Mutation granularity was also a major dilemma. The initial instruction-level mutations were ideal in the sense that the simulator could (and did) come up with anything, theoretically allowing for breakthroughs that neither I nor Claude may have thought of. In practice, 99.999….% of “anything” was broken programs. The state-machine mutations were better but perhaps went too far in the other direction. When the smallest unit of change was an entire state/routine, it was too coarse for the simulator to make gradual improvements, and the simulator converged repeatedly on the program we had already built. If working on this for more time, digging in on the right level of mutation granularity would be at the top of my list.

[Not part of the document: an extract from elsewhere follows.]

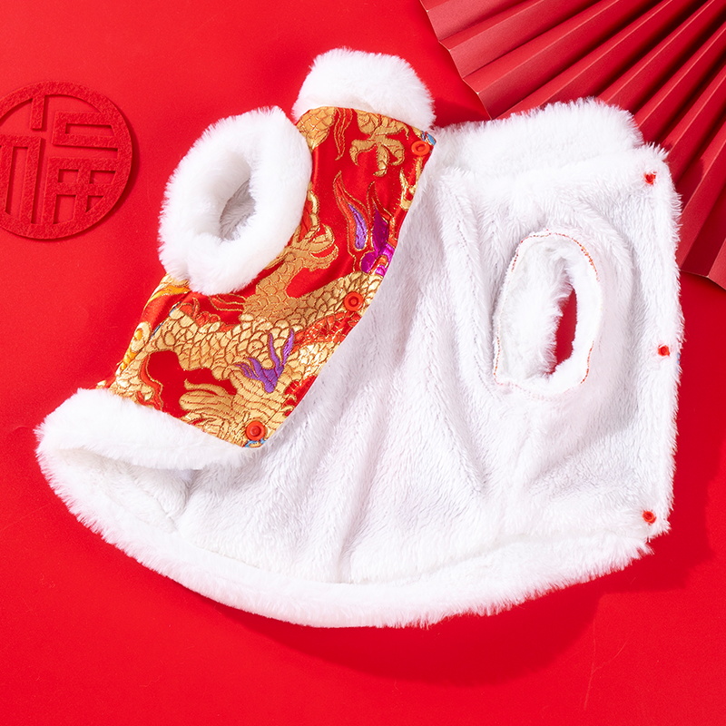 狗狗衣服秋冬喜庆龙装 可牵引泰迪比熊博美小型犬幼犬冬天保暖棉衣

As a bonus, because the simulator relied on running large batches of programs through the maps, I found the original JS engine lacking in terms of performance, so Claude rewrote it in C / WASM which improved throughput tremendously. This was also a fun little detour into the performance of genetic simulators and how optimizations that can improve performance (such as creating more gates and steeper dropoffs between funnel steps) must trade off against genetic diversity that might only become beneficial later on.

  1. Throughout this post, I use “I” and “Claude” interchangeably, because “Claude” requires 5 more letters to type than “I”. It is reasonable to read that any step which required coding was done exclusively by Claude, and 90% of the ideas were generated by Claude as well.